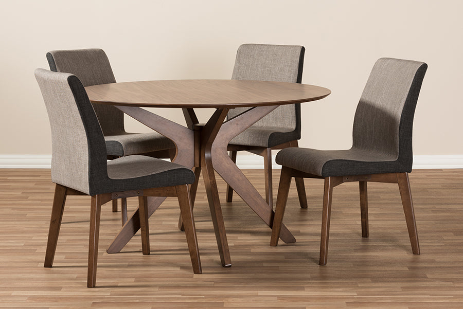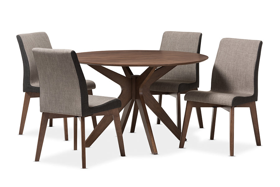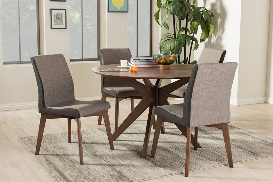 Channel retro styling in your contemporary space with the stunning Sariah mid-century modern round 5-piece dining det. Set includes one four-seater table and four matching dining side chairs for a complete setting. Table features round shape with mid-century curves for retro vibes. Dining chairs are constructed of rubberwood and are upholstered in two-tone brown and light brown polyester fabric, providing a soft-to-touch surface. Featuring high seat back for ultimate comfort while dining, the Sariah offers your home staple table space with understated minimalist style. Two-tone fabric contrasting effect and dark walnut stain form a neutral palette to complement a wide range of color schemes for your home. Made in Malaysia, the Sariah 5-piece dining set requires assembly.
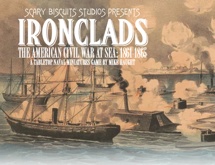 Ironclads is a 25 page ruleset that lets you re-fight riverine and ocean battles from the American Civil War using wood hulled ships, ironclads, tinclads, cottonclads, and forts. You can use just one ship or an entire fleet of a dozen ships. The game uses standard D6 dice, a 3x3 foot table, a bit of terrain (like islands or shoals), and some tokens you can print out. The great thing is that they're free.
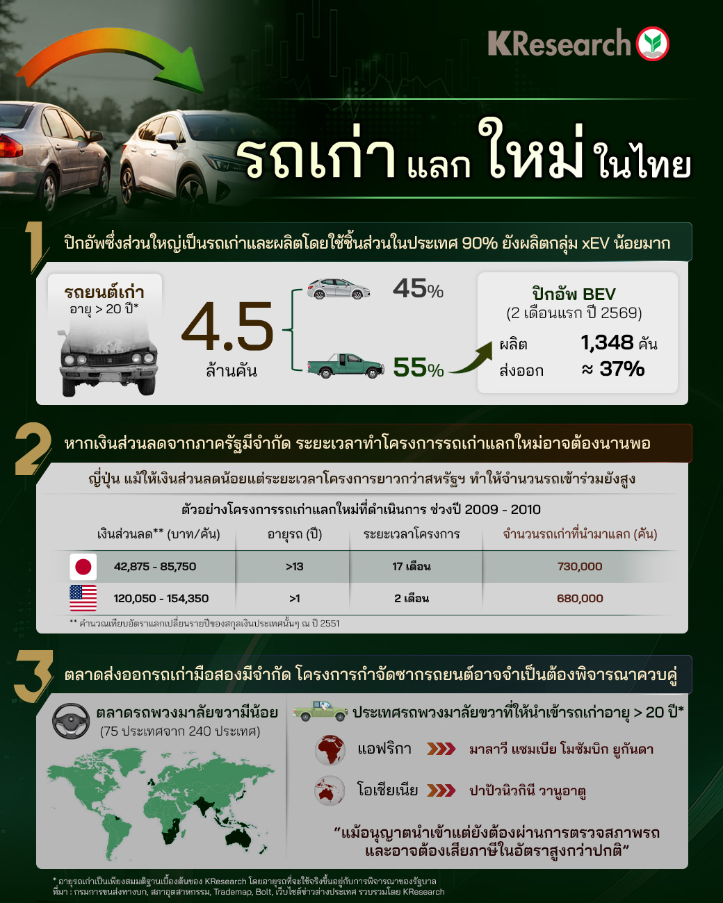 • รัฐบาลมีแนวคิดพิจารณาทำโครงการรถเก่าแลกใหม่ เพื่อแก้ปัญหาการผลิตรถยนต์ในประเทศที่ชะลอตัวและลดปัญหามลพิษทางอากาศจากควันเสีย ศูนย์วิจัยกสิกรไทยมองว่า แม้โครงการยังไม่ได้ข้อสรุปชัดเจน แต่อาจบางประเด็นที่ภาครัฐควรพิจารณาเพื่อเป็นแนวทางในการส่งเสริมการผลิตรถยนต์ในประเทศได้

______________________________

=== EXERCISE GOAL ===
In the copy, include exactly the lines from the one with "Ironclads is a" through the final line of the data, both ends included, and no pictures.

=== SOLVED EXERCISE ===
 Ironclads is a 25 page ruleset that lets you re-fight riverine and ocean battles from the American Civil War using wood hulled ships, ironclads, tinclads, cottonclads, and forts. You can use just one ship or an entire fleet of a dozen ships. The game uses standard D6 dice, a 3x3 foot table, a bit of terrain (like islands or shoals), and some tokens you can print out. The great thing is that they're free.
 • รัฐบาลมีแนวคิดพิจารณาทำโครงการรถเก่าแลกใหม่ เพื่อแก้ปัญหาการผลิตรถยนต์ในประเทศที่ชะลอตัวและลดปัญหามลพิษทางอากาศจากควันเสีย ศูนย์วิจัยกสิกรไทยมองว่า แม้โครงการยังไม่ได้ข้อสรุปชัดเจน แต่อาจบางประเด็นที่ภาครัฐควรพิจารณาเพื่อเป็นแนวทางในการส่งเสริมการผลิตรถยนต์ในประเทศได้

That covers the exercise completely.